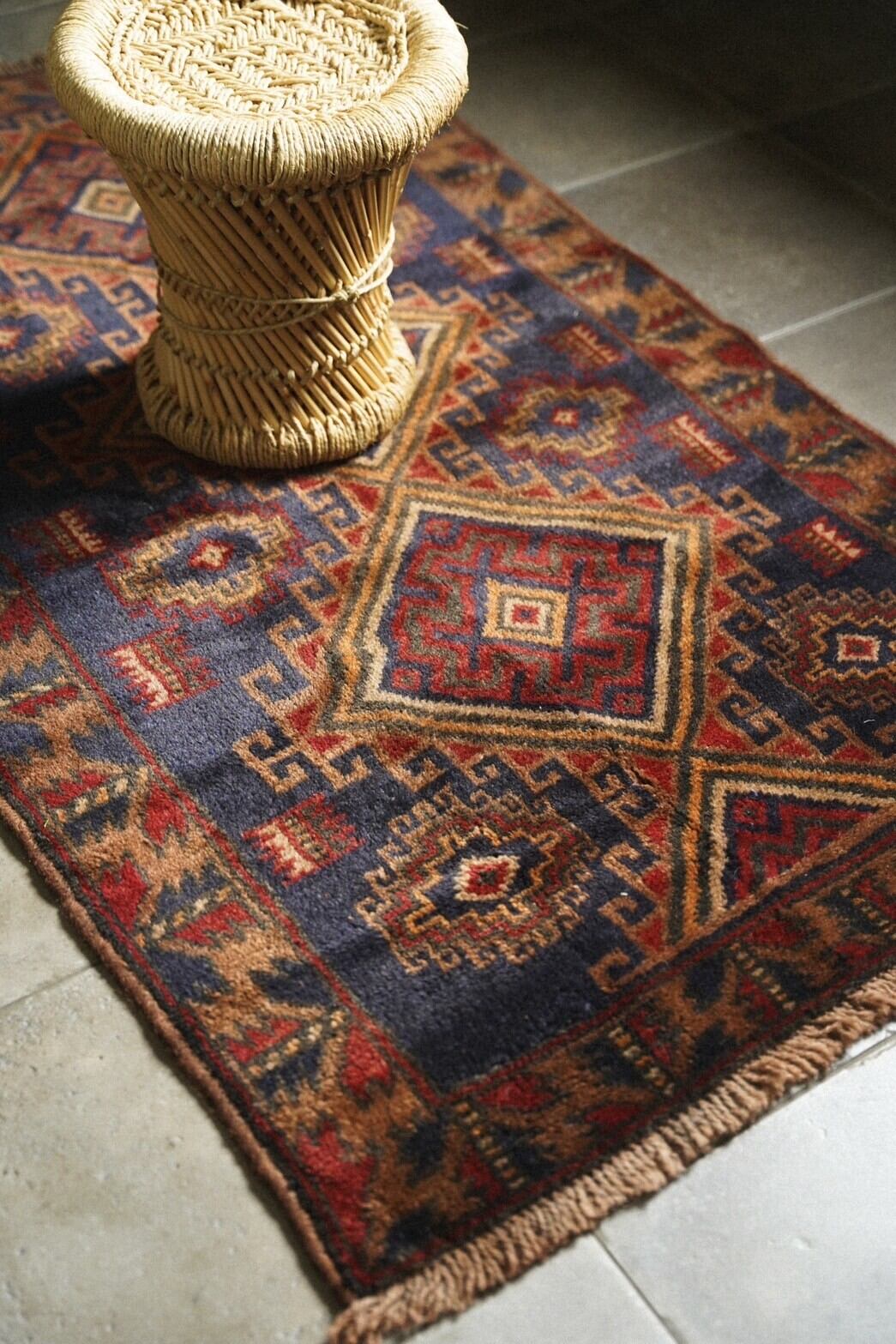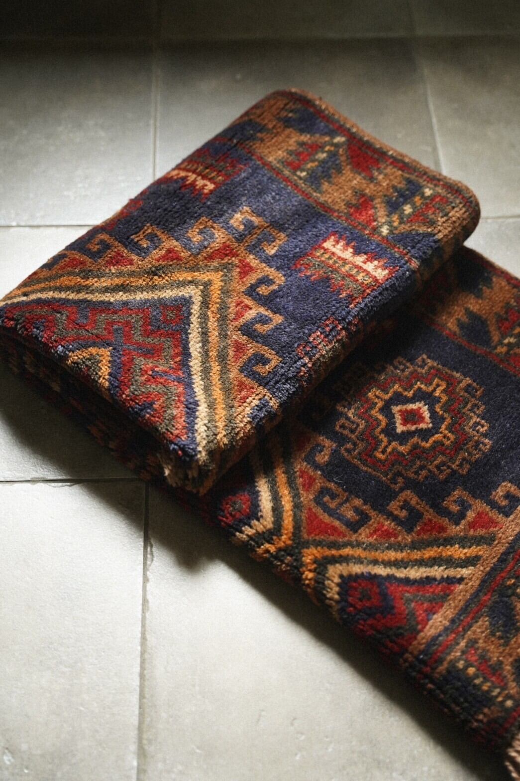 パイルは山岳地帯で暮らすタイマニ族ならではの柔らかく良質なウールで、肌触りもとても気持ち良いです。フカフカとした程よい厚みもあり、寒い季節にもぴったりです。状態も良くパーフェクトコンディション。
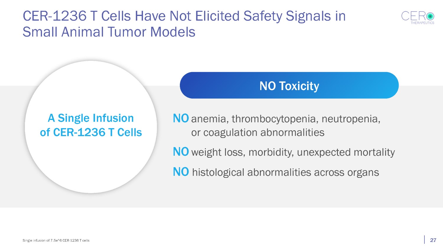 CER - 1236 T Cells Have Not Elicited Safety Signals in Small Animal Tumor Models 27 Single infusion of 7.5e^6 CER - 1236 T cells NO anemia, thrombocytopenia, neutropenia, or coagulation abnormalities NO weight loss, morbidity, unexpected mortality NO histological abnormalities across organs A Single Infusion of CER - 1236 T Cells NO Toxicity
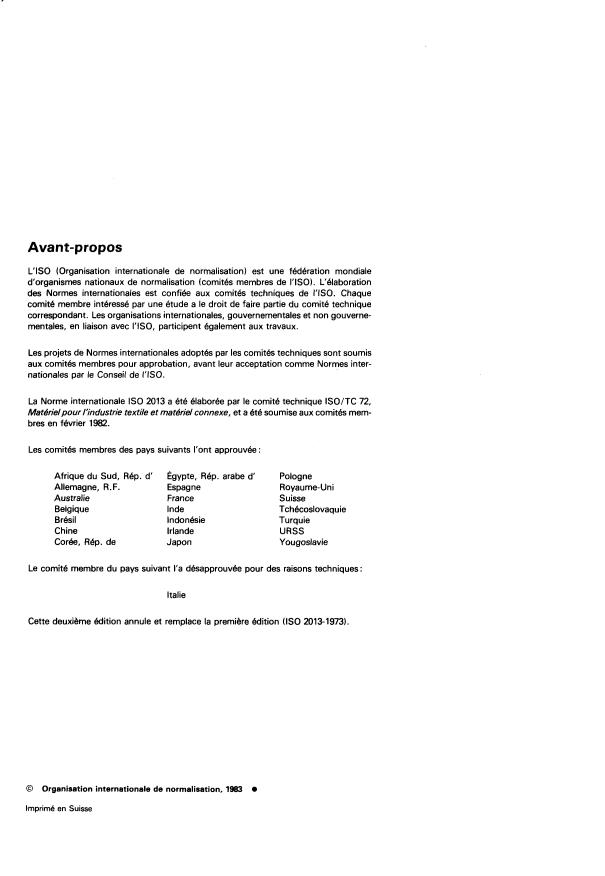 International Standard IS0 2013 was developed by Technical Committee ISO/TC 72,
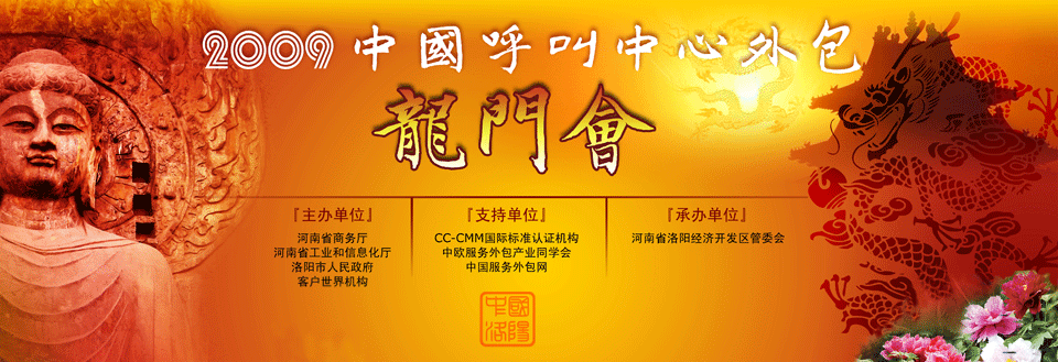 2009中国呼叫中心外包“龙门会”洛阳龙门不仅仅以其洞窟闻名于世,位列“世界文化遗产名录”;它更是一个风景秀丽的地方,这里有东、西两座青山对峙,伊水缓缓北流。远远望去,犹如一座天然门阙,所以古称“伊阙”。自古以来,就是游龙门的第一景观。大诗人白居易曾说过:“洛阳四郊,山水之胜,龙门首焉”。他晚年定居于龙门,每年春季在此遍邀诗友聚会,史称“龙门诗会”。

■ ■ ■ ■ ■

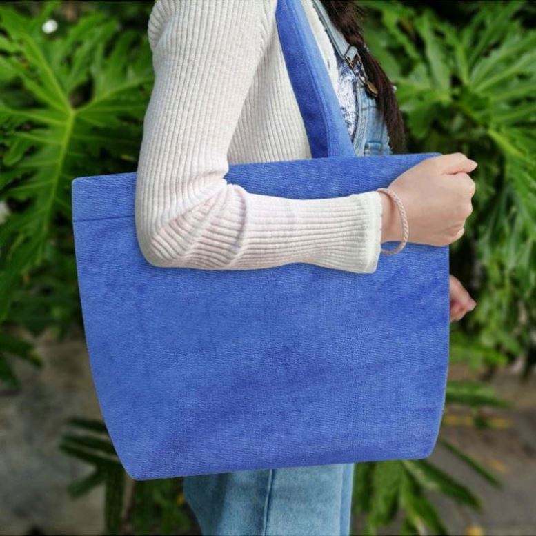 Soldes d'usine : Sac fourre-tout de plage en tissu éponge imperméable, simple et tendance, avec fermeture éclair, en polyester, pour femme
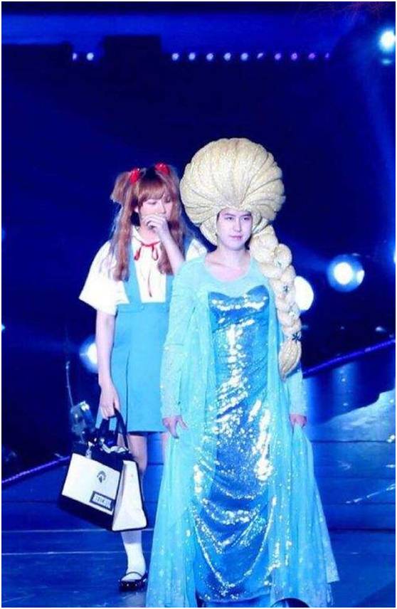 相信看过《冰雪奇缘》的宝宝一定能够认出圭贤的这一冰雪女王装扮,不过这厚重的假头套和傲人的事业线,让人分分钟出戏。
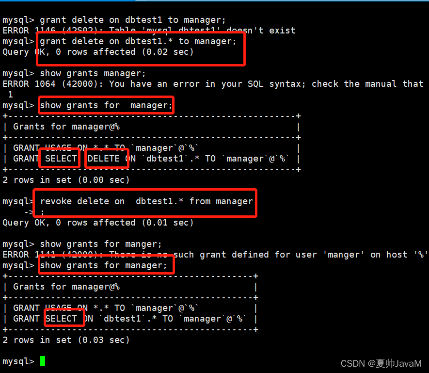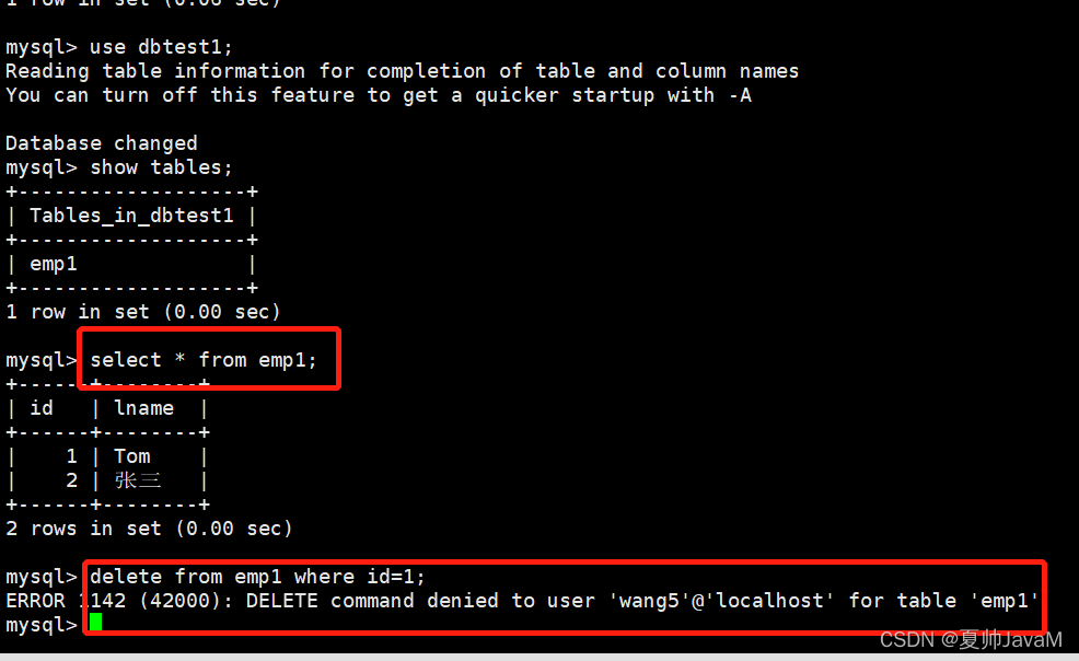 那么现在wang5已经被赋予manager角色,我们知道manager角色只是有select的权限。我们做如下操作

■ ■ ■ ■ ■

> _What you should do_: Both the line above containing "Soldes d'usine : Sac" and the line containing "那么现在wang5已经被赋予" belong in the copy, along with every line between them; print these exactly and omit the pictures.

> _Task response_:
 Soldes d'usine : Sac fourre-tout de plage en tissu éponge imperméable, simple et tendance, avec fermeture éclair, en polyester, pour femme
 相信看过《冰雪奇缘》的宝宝一定能够认出圭贤的这一冰雪女王装扮,不过这厚重的假头套和傲人的事业线,让人分分钟出戏。
 那么现在wang5已经被赋予manager角色,我们知道manager角色只是有select的权限。我们做如下操作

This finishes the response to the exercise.